In the 1980’s, Willis continued to write on a broad variety of topics—cultural, sexual, and political. Her articles, collected in No More Nice Girls, show this range. In the ironically titled “Escape from New York,” she describes a bus tour of the United States, visiting old friends and meeting the inhabitants of the heartland, and finally expresses her relief at returning to New York City. “Exile on Main Street: What the Pollard Case Means to Jews” (1987), returns to the question of the relationship of the Jews to the radical Left and to the United States in general, in the light of the first person convicted of spying on the United States for Israel. “Putting Women Back in the Abortion Debate” (1985), looks at the missing element in many discussions of fetuses and their status. “In Defense of Offense: Salman Rushdie’s Religious Problem” (1989), excoriates the sort of “pluralism” which emphasizes the rights of small groups to oppress their own members.
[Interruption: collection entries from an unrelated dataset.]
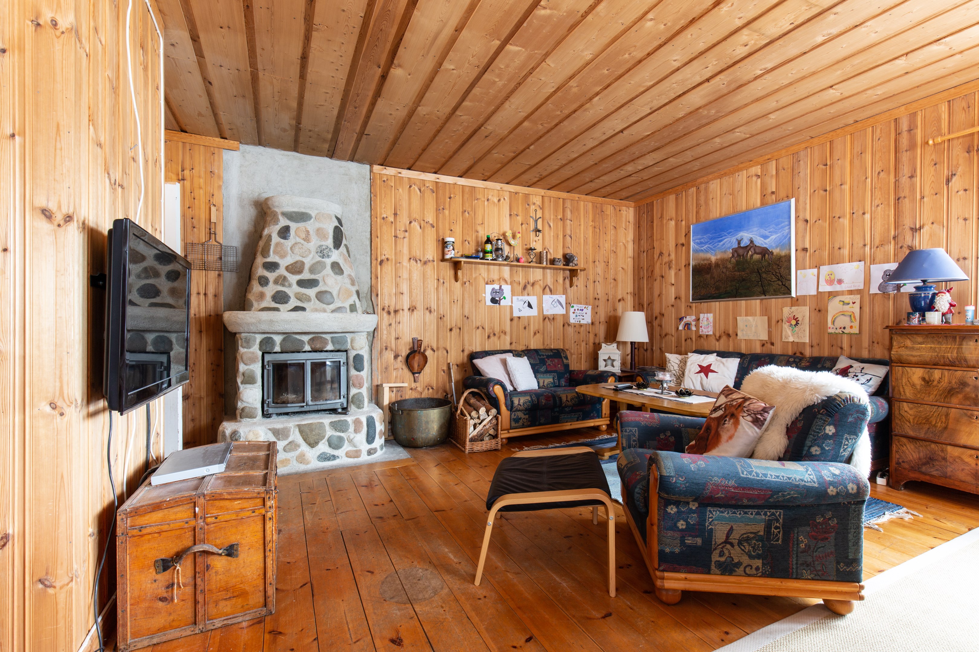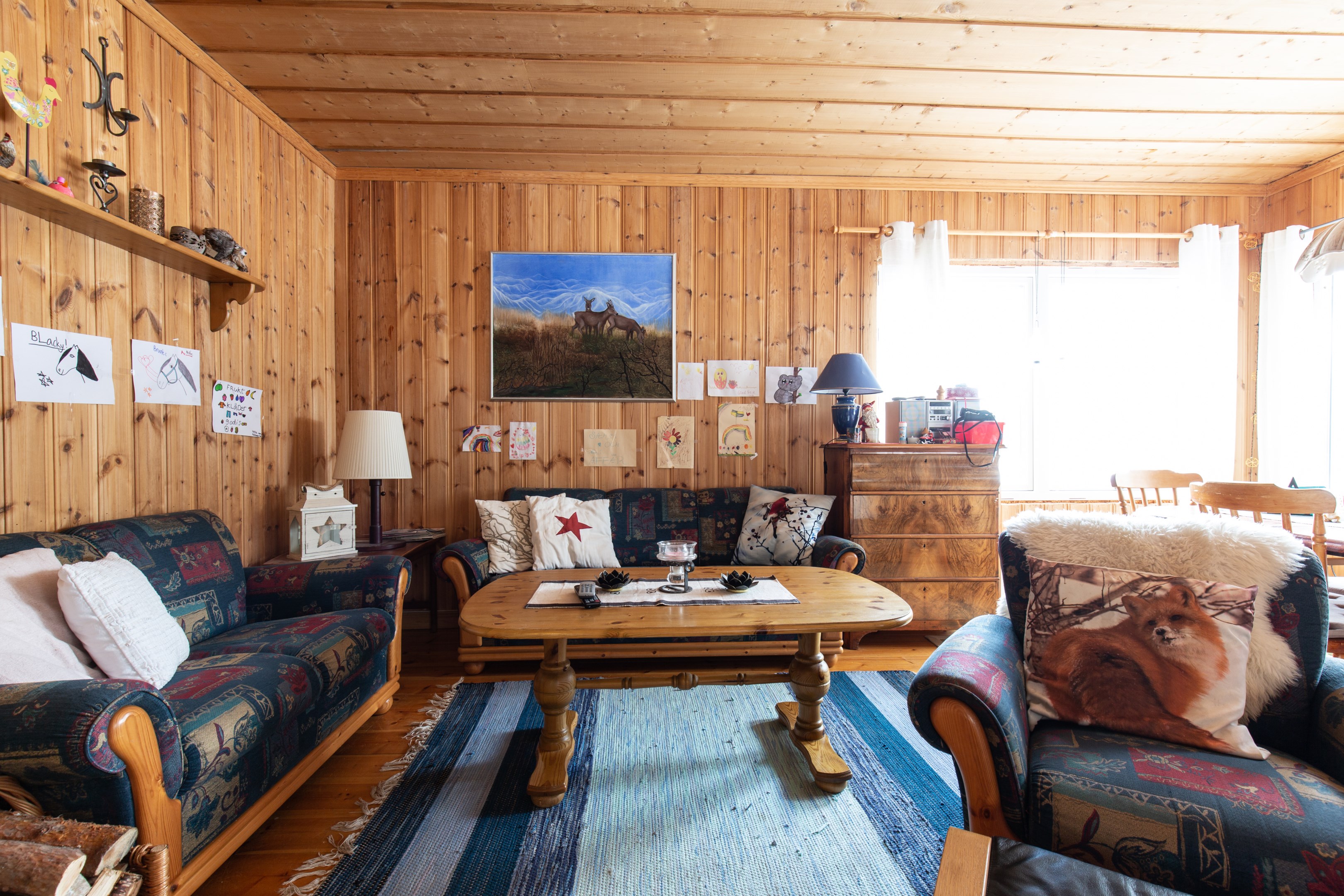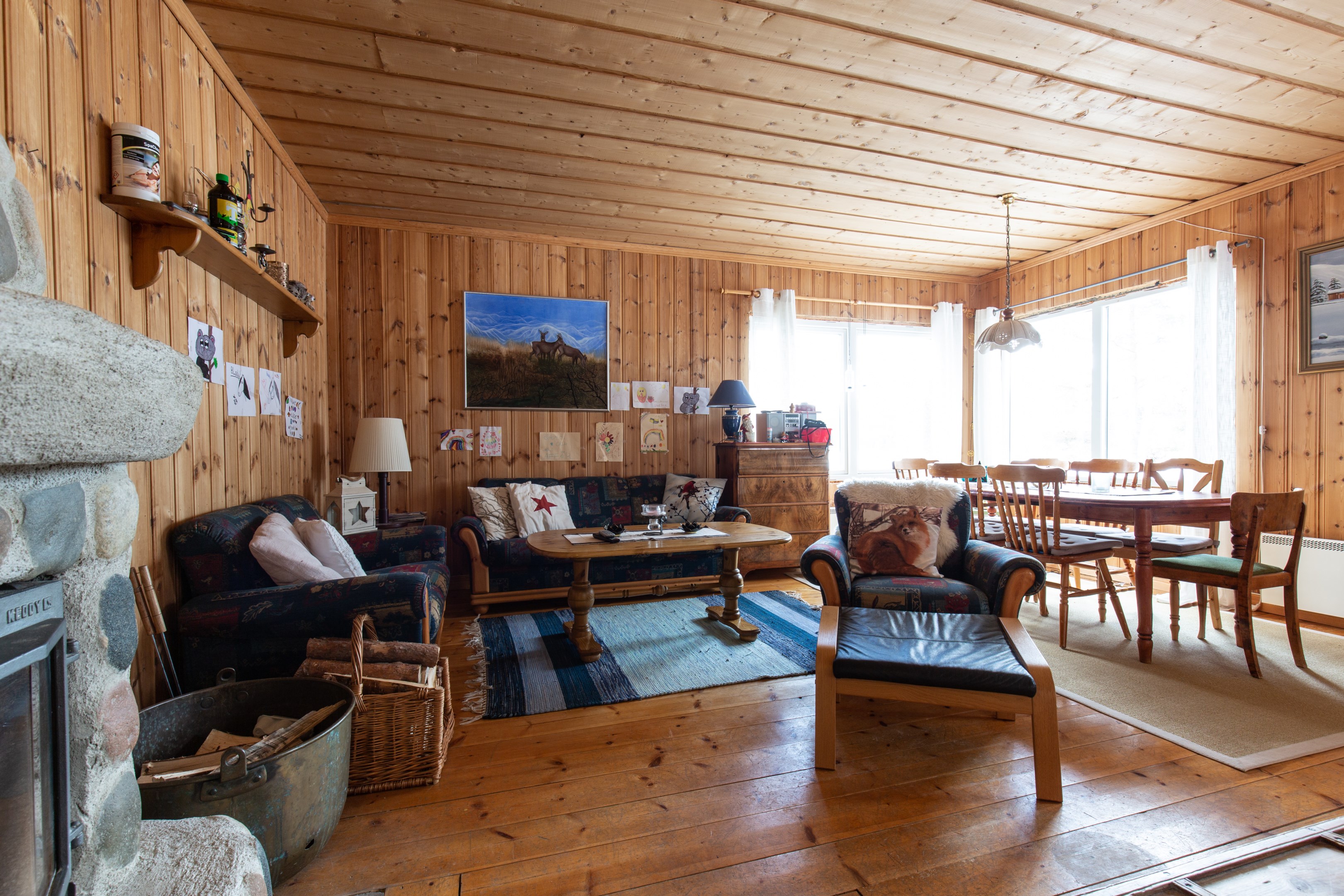 Rakt fram i hallen ligger den rymliga storstugan, med inbjudande möjligheter till umgänge. Idag är rummet möblerat med en soffgrupp rakt fram följt av matplats fint placerad vid hörnet med fönster på båda sidor. Här har man en fantastisk utsikt mot fjäll och sjö. Bredvid matplatsen är utgången till altanen och till höger finns plats för ytterligare soffa, lekrum eller kanske en läshörna. Storstugan har trägolv, träpanel på väggar och i tak.
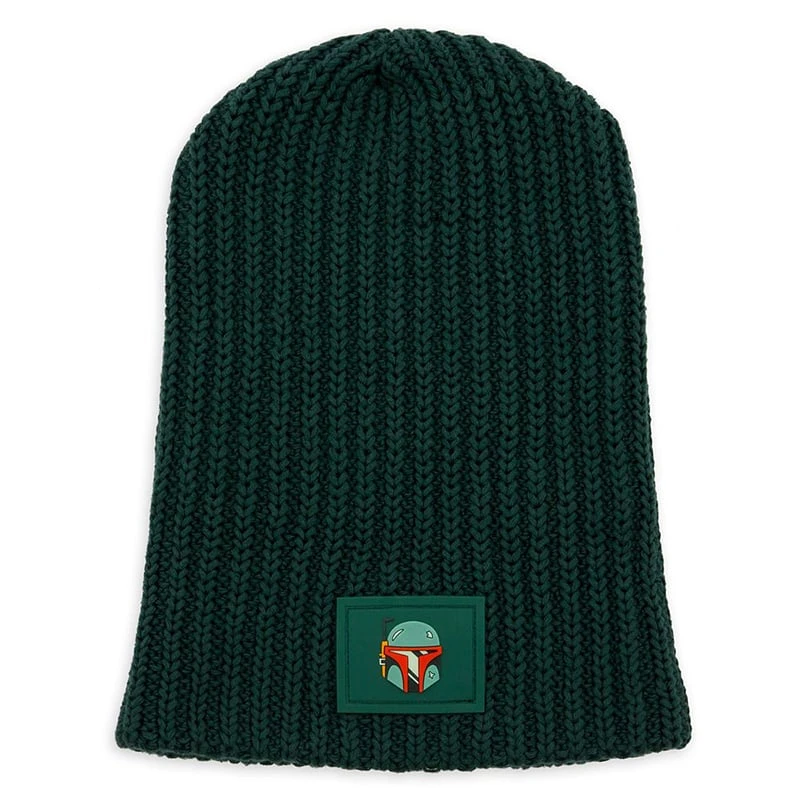 An appliqué patch of the legendary bounty hunter adorns this knitted beanie from Love Your Melon. Woven with dark green yarn, this Boba Fett cap is definitely better than having a price on your head.
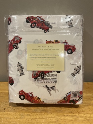 This is a queen-sized sheet set from Pottery Barn Kids, featuring a firetruck pattern with dalmatian dog accents. The set includes a fitted sheet, flat sheet, and two pillowcases, all made from 100% cotton and machine washable. It is part of the Pottery Barn Kids product line and is perfect for a boy's bedroom.
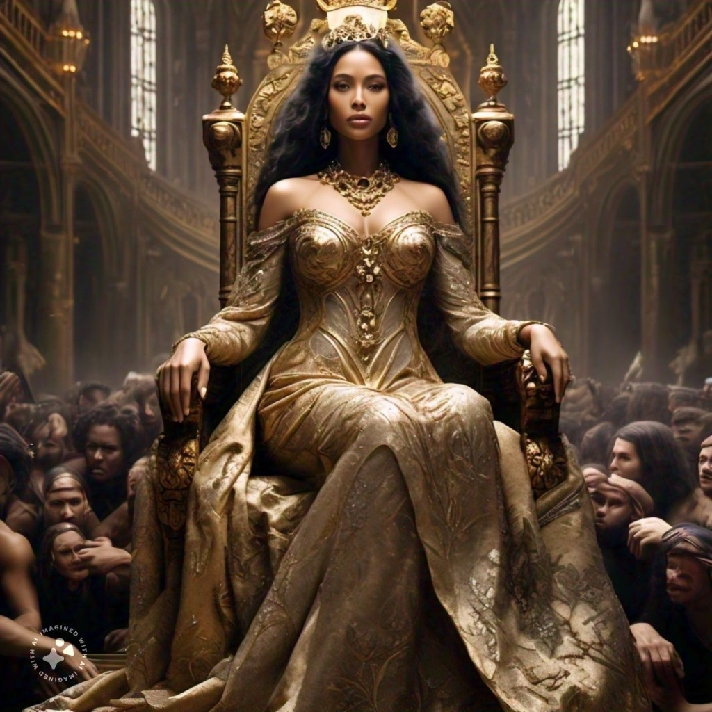 She is wearing a white robe, and seated on a massive throne that towers over us.
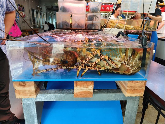 。攤位有巨大龍蝦,這真的會有人買嗎...吃完看到便宜大腹買了分來吃,好多攤都有賣
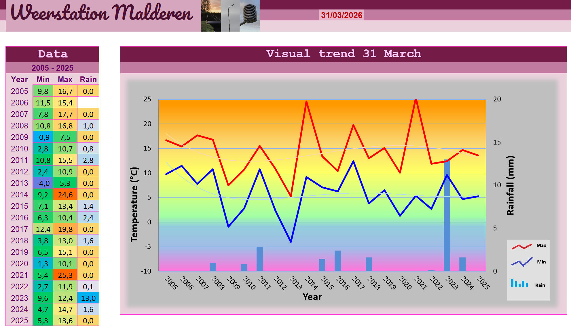 Opnieuw kregen we te maken met zeer heldere lucht en een buitengewoon felle voorjaarszon die de ochtendkilte van 5,4 graden erg snel wist te verdrijven. Dankzij de weggevallen wind en de nachtelijke afkoeling kon zich wat ochtenddauw vormen wat voor schitterende plaatjes zorgde in de vroege ochtend. Samen met de geuren en kleuren erbij maakte dit een ochtendwandeling door de natuur meer dan de moeite waard. En dan kwam de warmte die het kwik meteen de hoogte in stuwde terwijl er nergens een spoor van bewolking te zien was. De zuidwestenwind was bovendien zwakker dan gisteren waardoor die warmte ook relatief sterker aanvoelde en met maxima die op 25,3 graden piekten was het dan ook al snel zweten geblazen. Tijdens de namiddag verschenen echter de eerste voorboden van een spectaculaire ondergang die deze zomeropstoot volgens de weermodellen zou kennen. Het was een band van Cirrusbewolking die de staalblauwe hemel onderbrak en van zuidwest naar noordoost liep. En dan kwam de volgende voorbode: een beigekleurige waas in de atmosfeer die werd veroorzaakt door Saharastof dat door het oprukkende koufront naar het noorden werd getrokken. En dan kwam er nog een in de vorm van Altocumulus en Altostratus die in het noordwesten verscheen in de laatste schemering. Gelukkig kon het allemaal de zomersfeer niet bederven want we konden genieten van een erg zachte avond waarbij we tot een heel eind in de avond konden buiten zitten, al dan niet rond een 0,0 mm aanwijzende pluviometer.
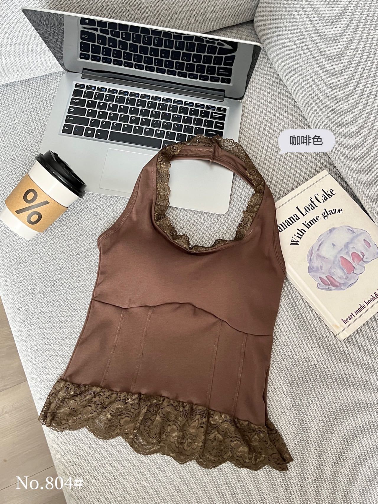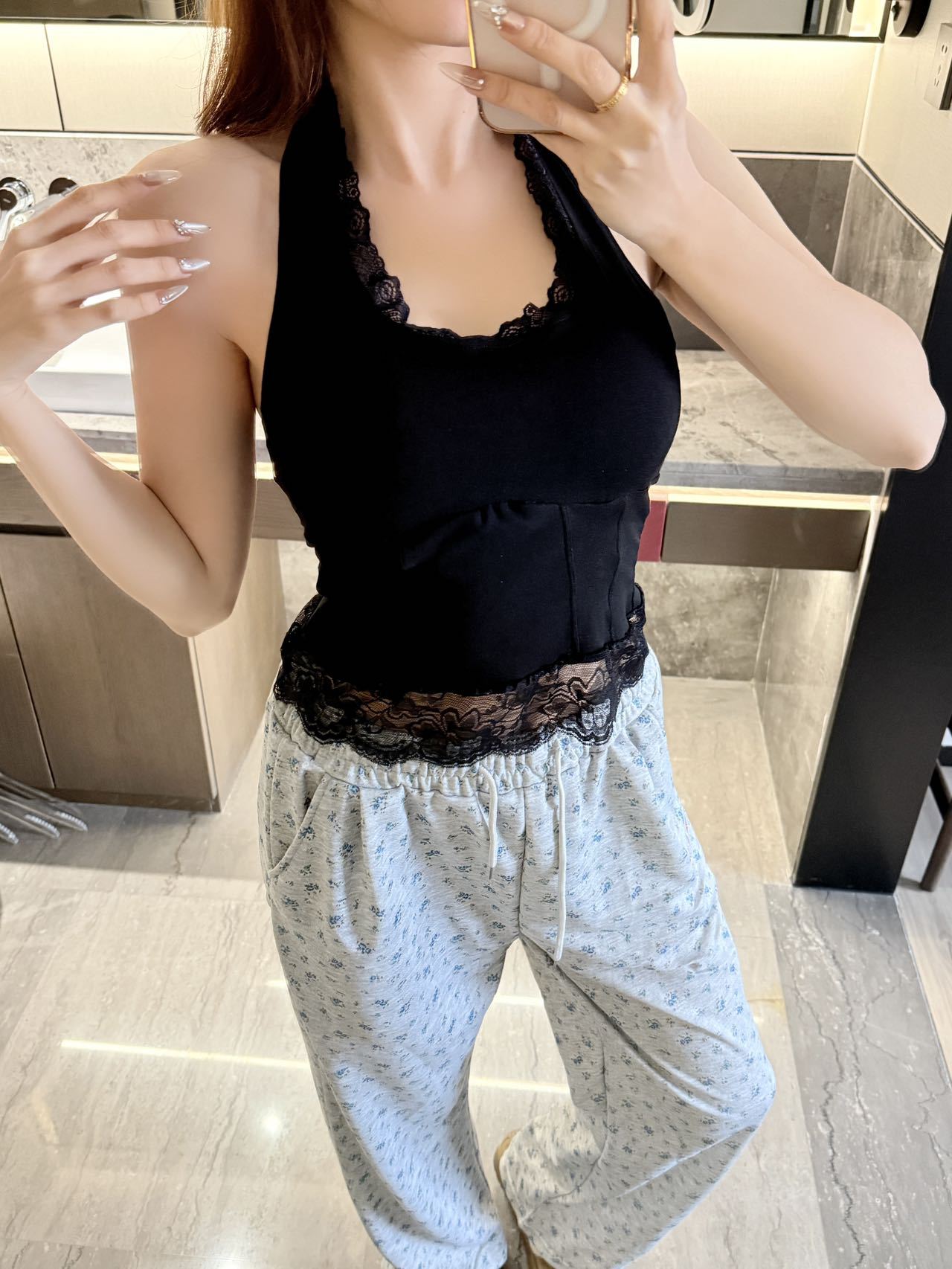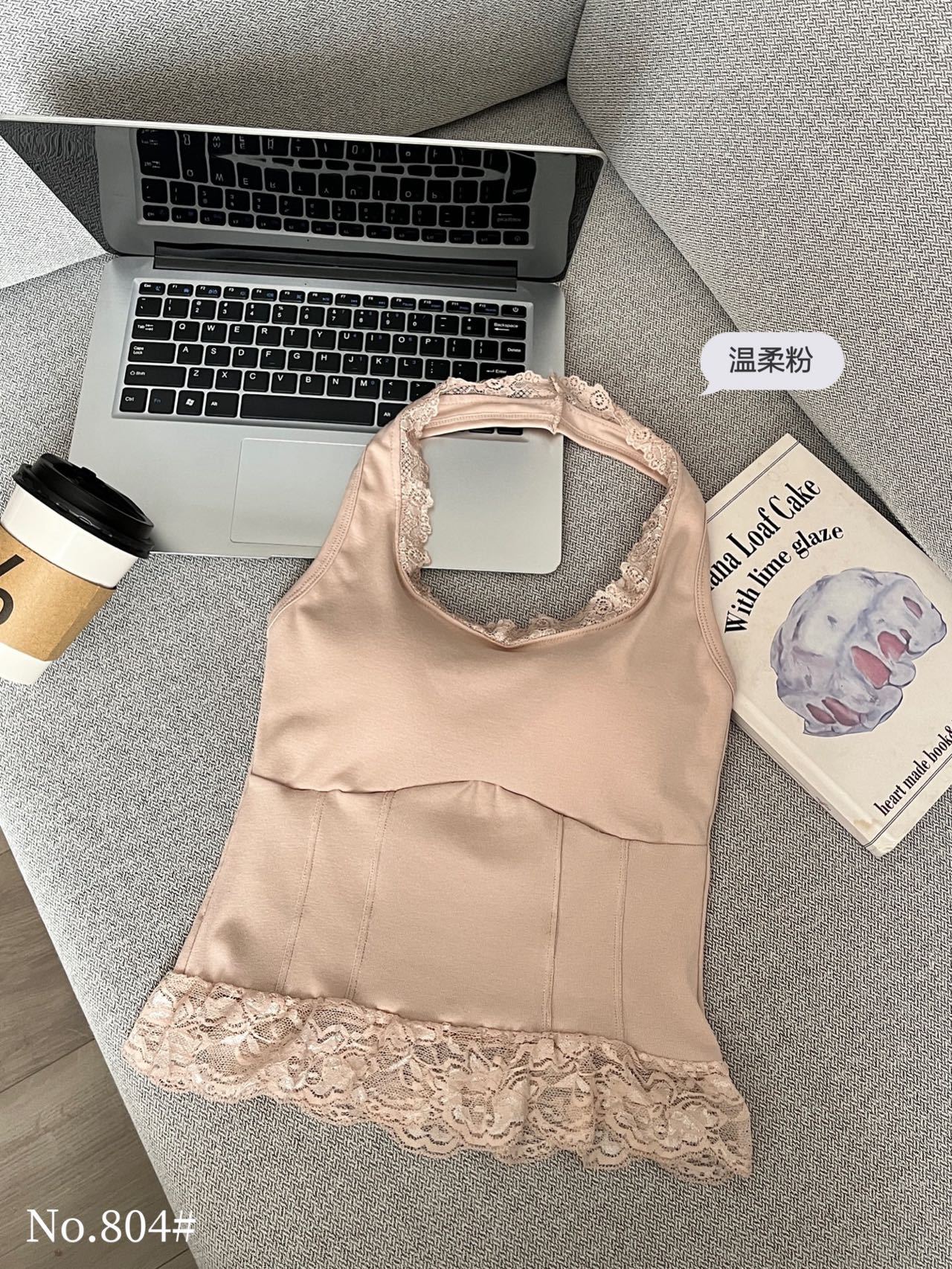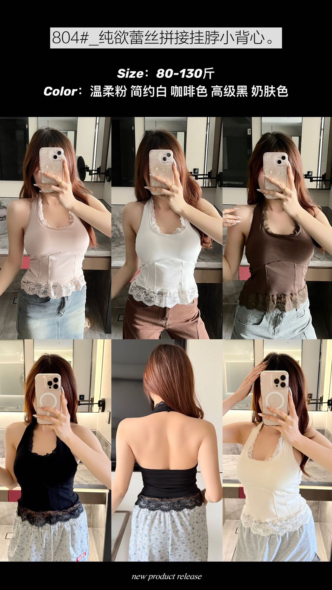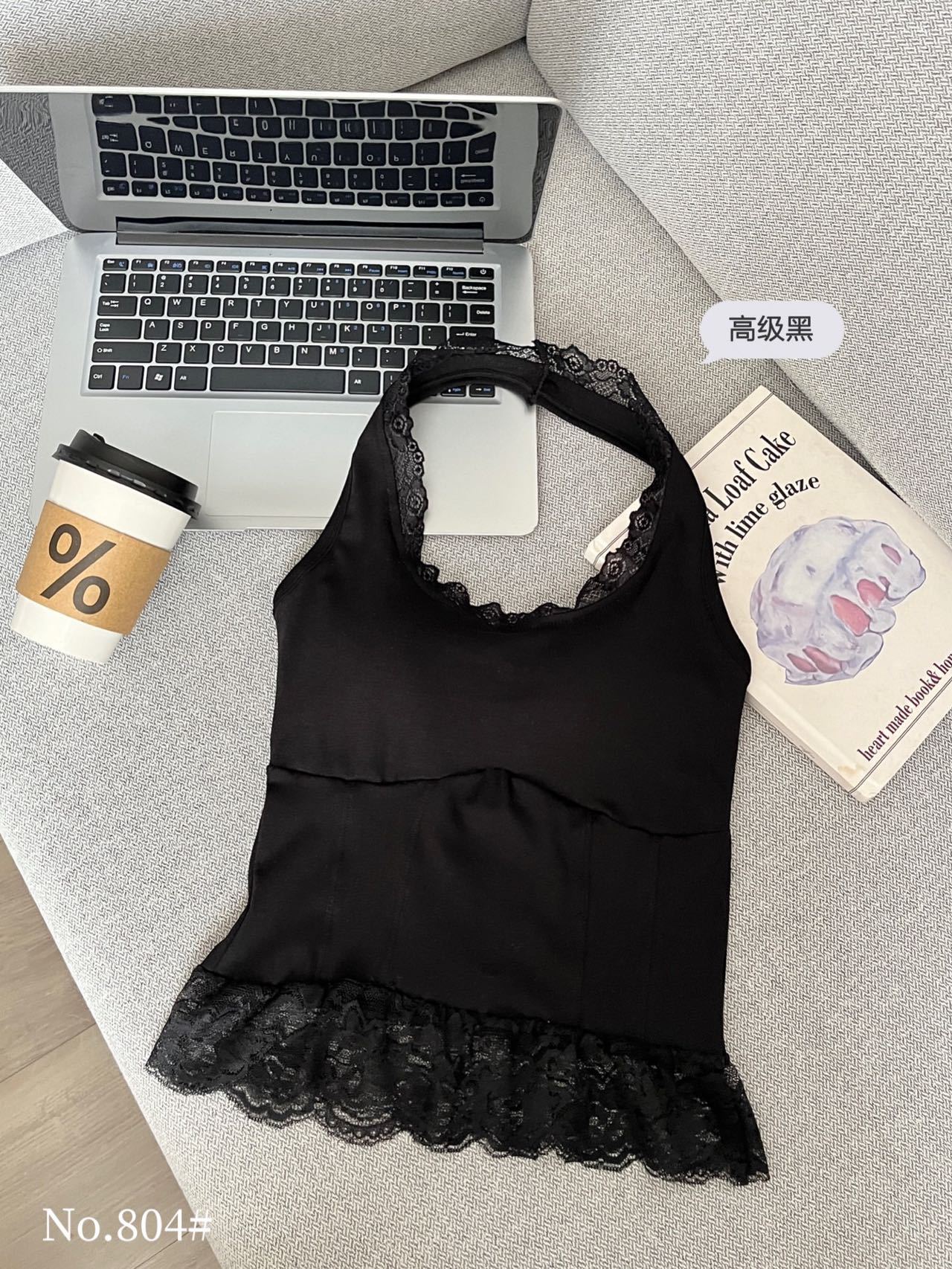 레이스 레이스 레이스 스커트 매달려 Halter Vest 여성용 이른 봄 가슴 패드 내부와 외부 착용 순수 스위트 스파이스 소녀 탑

The 1980’s were a time of cultural fragmentation, much of it in the name of “identity politics”; one consequence was the division of women and feminists along the same lines of class, race, and sexual orientation that were dividing the country as a whole. Much of Willis’s energy was devoted to healing such rifts in the women’s movement. In “Sisters Under the Skin” (1982), she attempted to address the concerns of black feminists such as Michelle Wallace, Gloria Joseph, and Bell Hooks. “Radical Feminism and Feminist Radicalism” (1984), traces the history of feminism since the 1960’s.

The issue in which Willis was most notably involved is that of feminist sexuality, as discussed in a major essay, specifically rewritten for No More Nice Girls: “Toward a Feminist Sexual Revolution.” In 1982 Willis and other feminists of similar viewpoint organized a conference on feminism and sexuality at Barnard College. A group of antipornography feminists picketed the conference and persuaded the college to confiscate conference materials on the grounds that they encouraged pornography, if they were not themselves pornographic. Willis insisted that the placement of pornography at the center of the feminist worldview comes from a traditionalist view of sexuality which it shares with right-wing conservatism: Male sexuality is demandingly genital, while proper women see sex only in terms of nurturance, and hence must be protected from the bestial lusts of the male. Willis’s eloquent feminism, incorporating insights from other liberal and radical approaches, makes her an important social critic. Willis died at her home in New York in November 2006.

Bibliography

Aronowitz, Stanley. Roll over Beethoven: The Return of Cultural Strife. Hanover, N.H.: Wesleyan University Press, 1993. Aronowitz’s novel and cogently argued thesis is that Willis and other rock critics of the 1960’s were inventing a cultural studies approach similar to the one that had developed in Great Britain since World War II. He uses Willis as a prime example of these writers’ abilities to find meaningful aesthetic and social values in pop culture.

Featherstone, Liza. “The Joy of Sex.” The Nation, October 4, 1993, pp. 360-363. Reviews No More Nice Girls.

Levinson, Nan. “Unconventional Wisdom.” The Women’s Review of Books 17 (October, 1999): 1-3. Reviews Don’t Think, Smile!

Scialabba, George. “Entrapments of Modernity.” Dissent 46 (Fall, 1999): 101-105. Thorough review of Don’t Think, Smile! also offers a good overview of Willis’s career and thought.